## What you should do
For this exercise, write each entry below out precisely and omit the pictures.

## Provided material

╔══

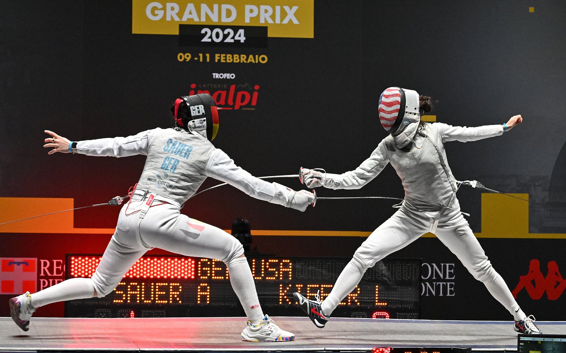 Nach anfänglichen Schwierigkeiten und einem knappen Sieg über Lior Druck (ISR) steigert Sauer sich mit jedem Gefecht. Die drei Italienerinnen Erica Cipressa, Camilla Mancini und Martina Batini kann sie souverän besiegen und zieht ins Halbfinale ein. Hier liefert sie sich einen starken Kampf mit der Olympiasiegerin von Tokio Lee Kiefer (USA). Am Ende muss sie sich geschlagen geben, kann sich aber über den dritten Platz und viele Weltranglistenpunkte freuen. Auch in der Olympiaqualifikation kommt sie mit diesem Ergebnis ein gutes Stück voran.
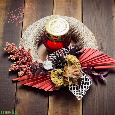 - Anyaga: szalmakoszorú, üveg, örök virágok
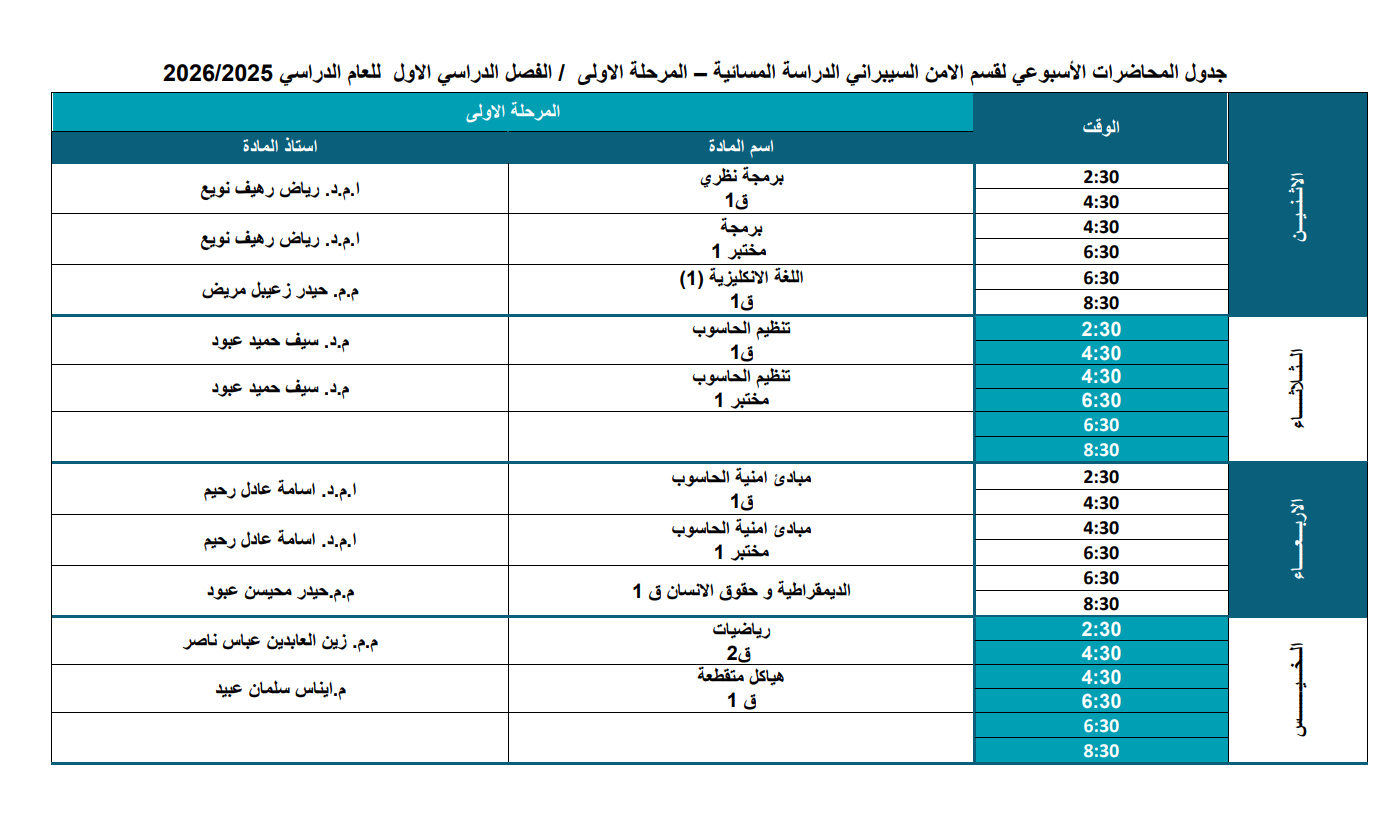 جدول المحاضرات الاسبوعي قسم الامن السيبراني الدراسة الصباحية المستوى الاول بولونيا 2025-2026
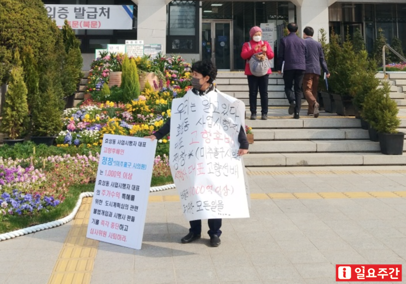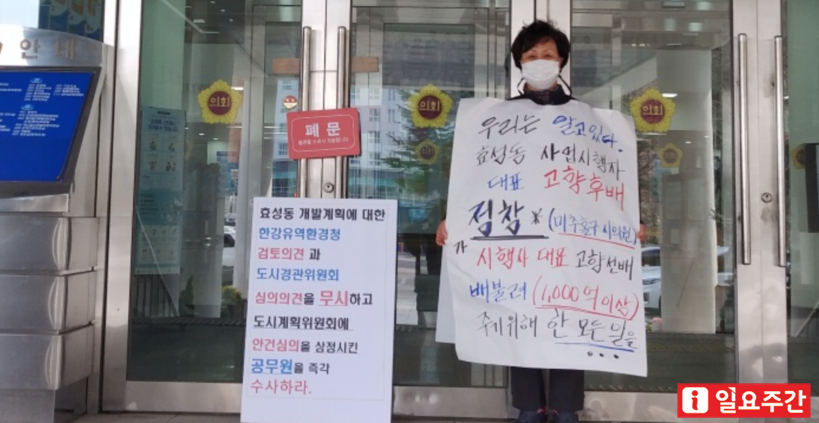▲효성지구비상대책위원회는 지난 4일부터 인천시청 앞에서 효성도시개발사업 특혜 및 로비 의혹관 관련해 수사를 촉구하며 1인 시위를 벌이고 있다.
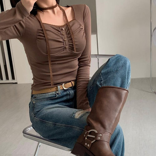 [옷자락]여자 레이스타이 셔링 단추 슬림핏 롱슬리브 티셔츠
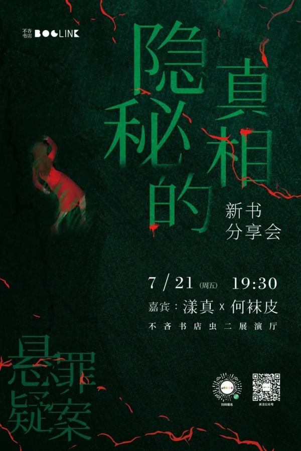 《隐秘的真相》是没药花园耗时将近两年制作的新书,这本书是没药花园的签约作者漾真根据老刑警们的亲身经历记录下来的12个真实案件。7月21日,我们邀请到漾真和没药花园的创始人何袜皮来到不吝书店,和大家共同探索这些案件背后的隐秘人心。
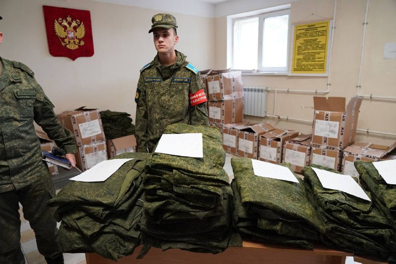 «Летний и зимний утепленный комплект, плащ-палатка, полотенце, мыло — все выдали сразу. Обмундирование все по размеру, все новое», — рассказал курсант Андрей Кузьмин, продемонстрировав всю амуницию.
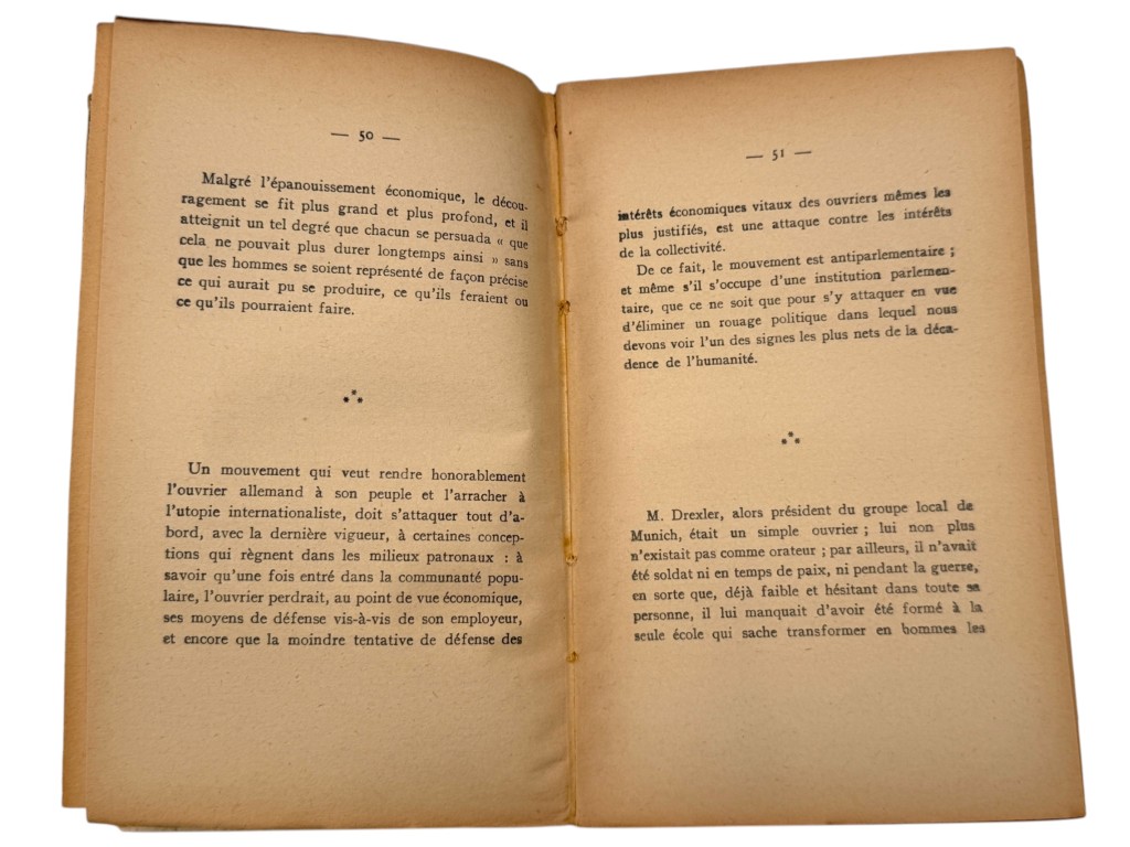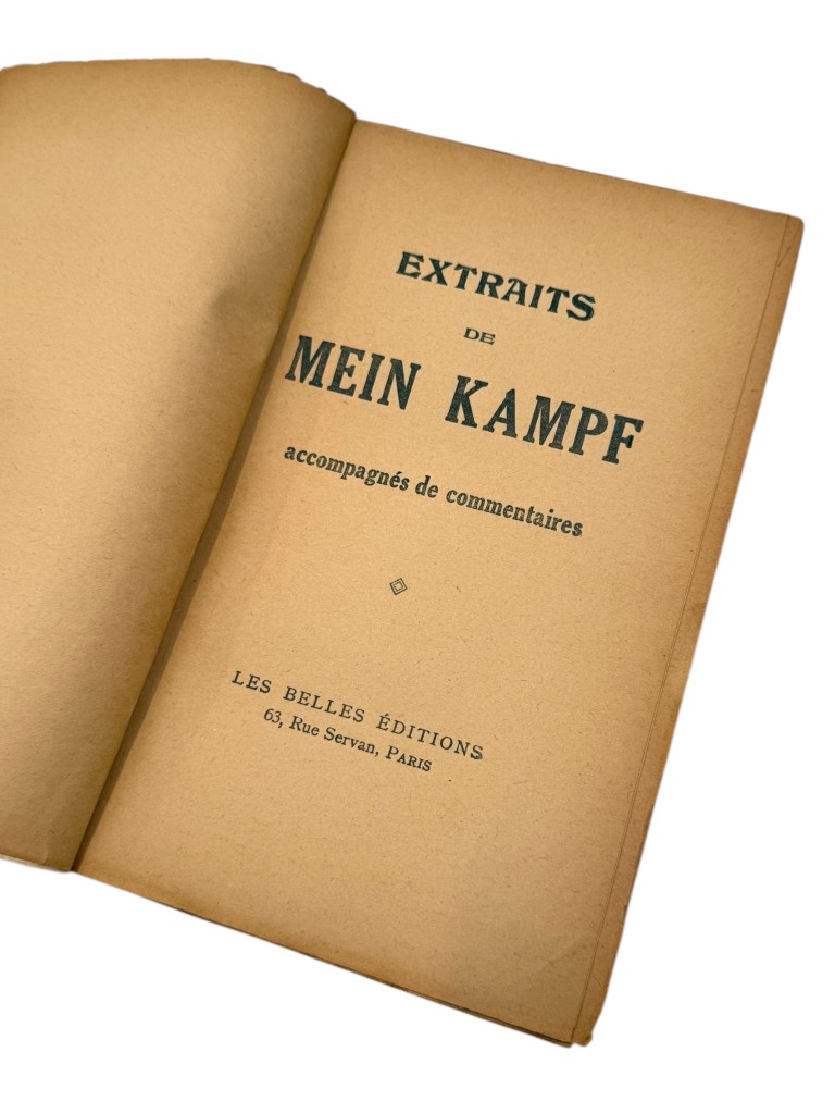 This original Mein Kampf (Mon Combat) book is a rare French edition from the 1930s, published by Les Belles Éditions in Paris and printed in Belgium.
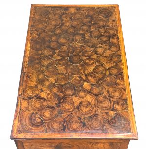 Oyster veeneering is a decorative form of veneering furniture which was initially developed during the 1660’s by English cabinet makers. It involves using very thin slices of wood cut on a cross section, as opposed to straight down the line, of woods which were plentifully available during the 17th century. The most skilled cabinet makers would then take their oyster veneers and use them in all sorts of ways to create decorative patterns on the furniture which they were making.
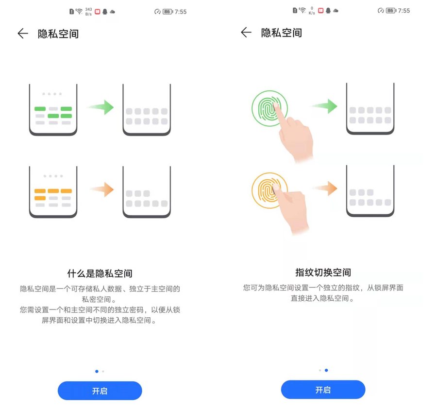 隐私空间则是相当于可以给手机添加一个新系统,设置不同的密码或者指纹即可进入另一个“私密空间”,进入后主空间和私密空间之间的应用、数据都相互独立,无法互相查看。
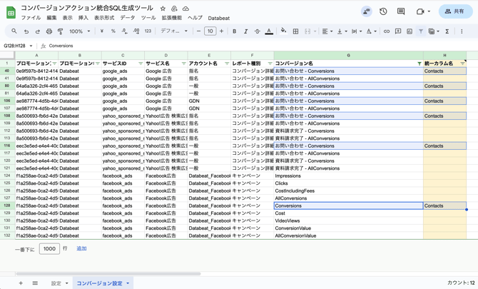 このシートには、コンバージョン詳細のSQLから出力されたGoogle、Yahoo!、Microsoftの各コンバージョンアクションと、キャンペーンのSQLから出力されたその他の媒体の各指標が出力されます。
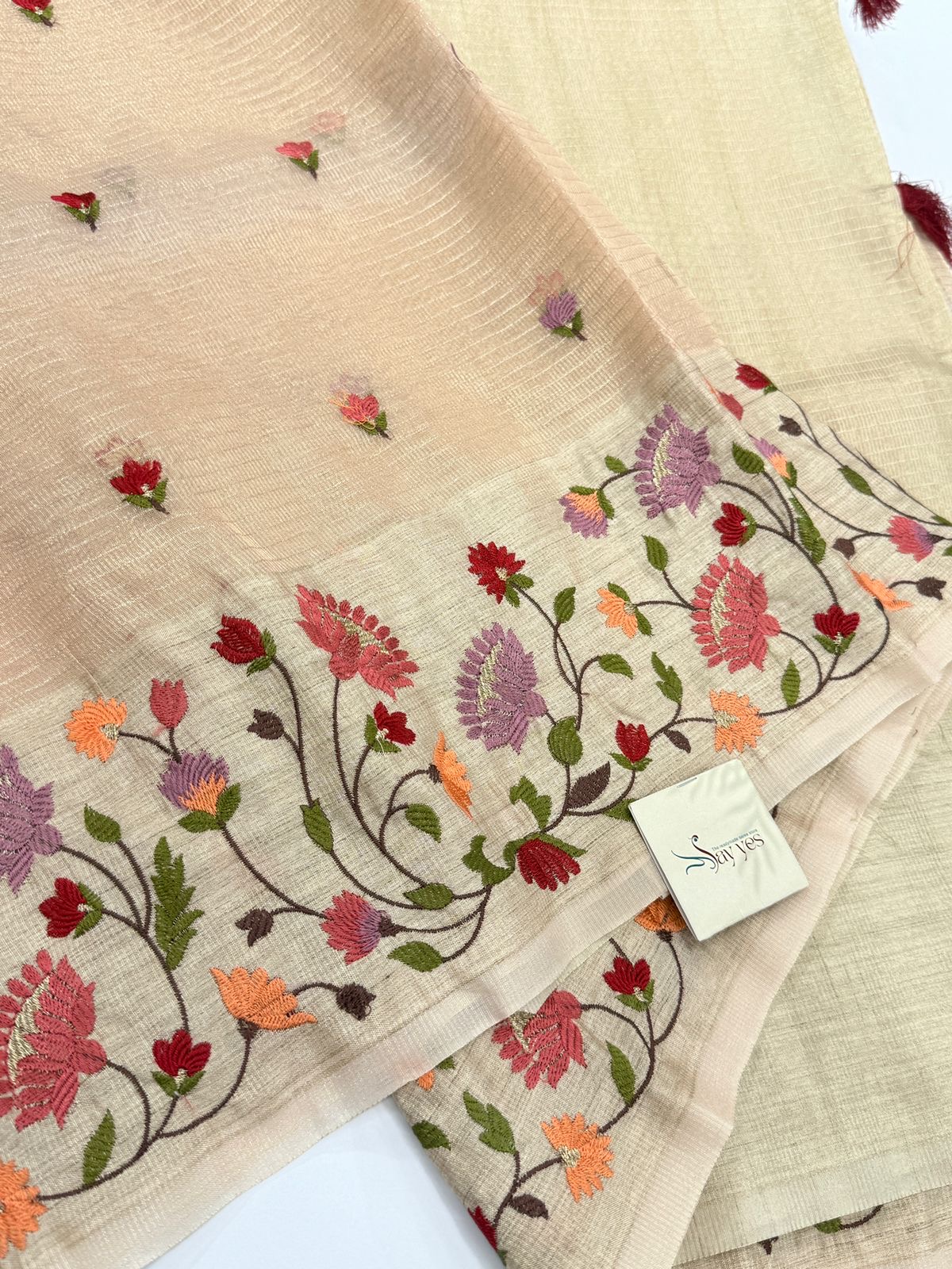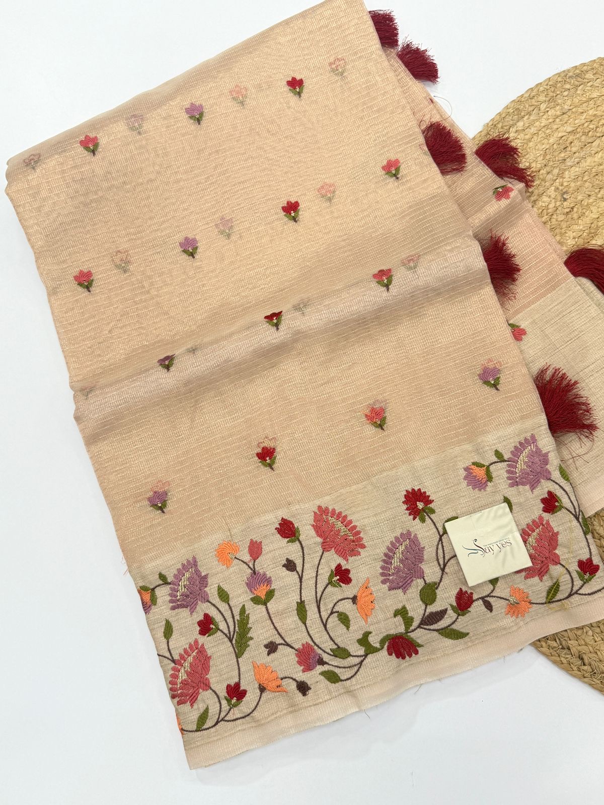 A dreamy Kora Tissue Silk saree in a peach, sprinkled with dainty hand-embroidered florals and finished with a rich garden-inspired border. Lightweight, sheer, and naturally crisp, this Kora Tissue weave blends the subtle shine of tissue with the airy structure of kora silk—giving you an elegant drape that holds its shape beautifully. A perfect balance of grace and charm for effortless festive styling.

╚══

## Solution to this task
 Nach anfänglichen Schwierigkeiten und einem knappen Sieg über Lior Druck (ISR) steigert Sauer sich mit jedem Gefecht. Die drei Italienerinnen Erica Cipressa, Camilla Mancini und Martina Batini kann sie souverän besiegen und zieht ins Halbfinale ein. Hier liefert sie sich einen starken Kampf mit der Olympiasiegerin von Tokio Lee Kiefer (USA). Am Ende muss sie sich geschlagen geben, kann sich aber über den dritten Platz und viele Weltranglistenpunkte freuen. Auch in der Olympiaqualifikation kommt sie mit diesem Ergebnis ein gutes Stück voran.
 - Anyaga: szalmakoszorú, üveg, örök virágok
 جدول المحاضرات الاسبوعي قسم الامن السيبراني الدراسة الصباحية المستوى الاول بولونيا 2025-2026
▲효성지구비상대책위원회는 지난 4일부터 인천시청 앞에서 효성도시개발사업 특혜 및 로비 의혹관 관련해 수사를 촉구하며 1인 시위를 벌이고 있다.
 [옷자락]여자 레이스타이 셔링 단추 슬림핏 롱슬리브 티셔츠
 《隐秘的真相》是没药花园耗时将近两年制作的新书,这本书是没药花园的签约作者漾真根据老刑警们的亲身经历记录下来的12个真实案件。7月21日,我们邀请到漾真和没药花园的创始人何袜皮来到不吝书店,和大家共同探索这些案件背后的隐秘人心。
 «Летний и зимний утепленный комплект, плащ-палатка, полотенце, мыло — все выдали сразу. Обмундирование все по размеру, все новое», — рассказал курсант Андрей Кузьмин, продемонстрировав всю амуницию.
 This original Mein Kampf (Mon Combat) book is a rare French edition from the 1930s, published by Les Belles Éditions in Paris and printed in Belgium.
 Oyster veeneering is a decorative form of veneering furniture which was initially developed during the 1660’s by English cabinet makers. It involves using very thin slices of wood cut on a cross section, as opposed to straight down the line, of woods which were plentifully available during the 17th century. The most skilled cabinet makers would then take their oyster veneers and use them in all sorts of ways to create decorative patterns on the furniture which they were making.
 隐私空间则是相当于可以给手机添加一个新系统,设置不同的密码或者指纹即可进入另一个“私密空间”,进入后主空间和私密空间之间的应用、数据都相互独立,无法互相查看。
 このシートには、コンバージョン詳細のSQLから出力されたGoogle、Yahoo!、Microsoftの各コンバージョンアクションと、キャンペーンのSQLから出力されたその他の媒体の各指標が出力されます。
 A dreamy Kora Tissue Silk saree in a peach, sprinkled with dainty hand-embroidered florals and finished with a rich garden-inspired border. Lightweight, sheer, and naturally crisp, this Kora Tissue weave blends the subtle shine of tissue with the airy structure of kora silk—giving you an elegant drape that holds its shape beautifully. A perfect balance of grace and charm for effortless festive styling.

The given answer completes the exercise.